Set down each line from the start of the material exactly, please, up to and including the one that contains "Clique para abrir".

■ Available data ■
-*-*-

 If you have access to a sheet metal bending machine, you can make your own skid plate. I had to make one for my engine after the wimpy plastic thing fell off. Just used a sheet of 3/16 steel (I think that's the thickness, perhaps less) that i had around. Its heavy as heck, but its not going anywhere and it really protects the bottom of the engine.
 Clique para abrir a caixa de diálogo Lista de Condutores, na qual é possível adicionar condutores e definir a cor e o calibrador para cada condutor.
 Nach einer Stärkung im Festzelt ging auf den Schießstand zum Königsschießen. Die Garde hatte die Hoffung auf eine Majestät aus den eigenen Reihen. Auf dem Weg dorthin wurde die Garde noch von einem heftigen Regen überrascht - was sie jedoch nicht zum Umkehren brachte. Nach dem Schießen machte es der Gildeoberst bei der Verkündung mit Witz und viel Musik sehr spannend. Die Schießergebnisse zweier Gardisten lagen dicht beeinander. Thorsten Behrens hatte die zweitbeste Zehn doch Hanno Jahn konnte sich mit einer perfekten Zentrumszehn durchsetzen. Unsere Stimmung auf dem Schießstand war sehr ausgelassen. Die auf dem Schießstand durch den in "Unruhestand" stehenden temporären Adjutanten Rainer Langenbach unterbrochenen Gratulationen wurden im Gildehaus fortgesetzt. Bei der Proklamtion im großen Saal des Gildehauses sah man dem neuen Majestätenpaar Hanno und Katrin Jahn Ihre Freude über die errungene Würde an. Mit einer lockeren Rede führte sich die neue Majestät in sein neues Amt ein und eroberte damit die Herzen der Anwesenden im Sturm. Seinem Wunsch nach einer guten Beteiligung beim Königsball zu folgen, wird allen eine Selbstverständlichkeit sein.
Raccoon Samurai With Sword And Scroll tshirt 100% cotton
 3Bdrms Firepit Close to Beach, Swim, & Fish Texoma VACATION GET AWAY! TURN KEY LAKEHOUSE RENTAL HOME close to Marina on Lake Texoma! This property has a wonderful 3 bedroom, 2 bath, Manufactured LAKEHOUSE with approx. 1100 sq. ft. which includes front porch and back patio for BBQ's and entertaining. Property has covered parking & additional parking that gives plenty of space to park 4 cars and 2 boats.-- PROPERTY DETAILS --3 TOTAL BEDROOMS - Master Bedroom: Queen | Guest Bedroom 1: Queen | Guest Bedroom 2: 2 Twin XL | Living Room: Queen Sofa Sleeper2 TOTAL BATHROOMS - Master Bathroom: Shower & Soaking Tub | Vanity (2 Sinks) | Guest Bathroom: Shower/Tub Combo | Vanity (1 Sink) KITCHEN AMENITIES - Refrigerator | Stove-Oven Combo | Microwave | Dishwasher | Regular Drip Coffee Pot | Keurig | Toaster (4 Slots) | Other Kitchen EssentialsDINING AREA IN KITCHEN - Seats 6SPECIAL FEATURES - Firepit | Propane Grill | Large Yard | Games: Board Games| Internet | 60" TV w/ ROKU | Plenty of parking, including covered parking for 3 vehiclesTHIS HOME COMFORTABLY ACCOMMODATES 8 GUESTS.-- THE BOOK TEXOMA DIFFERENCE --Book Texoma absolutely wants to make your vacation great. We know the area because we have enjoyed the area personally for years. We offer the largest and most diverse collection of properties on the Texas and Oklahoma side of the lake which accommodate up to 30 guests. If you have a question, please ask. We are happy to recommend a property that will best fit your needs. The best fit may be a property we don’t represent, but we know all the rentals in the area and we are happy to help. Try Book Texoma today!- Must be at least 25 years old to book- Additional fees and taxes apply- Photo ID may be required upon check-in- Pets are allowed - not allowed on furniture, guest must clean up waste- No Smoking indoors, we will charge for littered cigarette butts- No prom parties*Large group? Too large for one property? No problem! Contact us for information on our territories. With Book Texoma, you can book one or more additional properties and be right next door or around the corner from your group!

-*-*-

■ Response ■
 If you have access to a sheet metal bending machine, you can make your own skid plate. I had to make one for my engine after the wimpy plastic thing fell off. Just used a sheet of 3/16 steel (I think that's the thickness, perhaps less) that i had around. Its heavy as heck, but its not going anywhere and it really protects the bottom of the engine.
 Clique para abrir a caixa de diálogo Lista de Condutores, na qual é possível adicionar condutores e definir a cor e o calibrador para cada condutor.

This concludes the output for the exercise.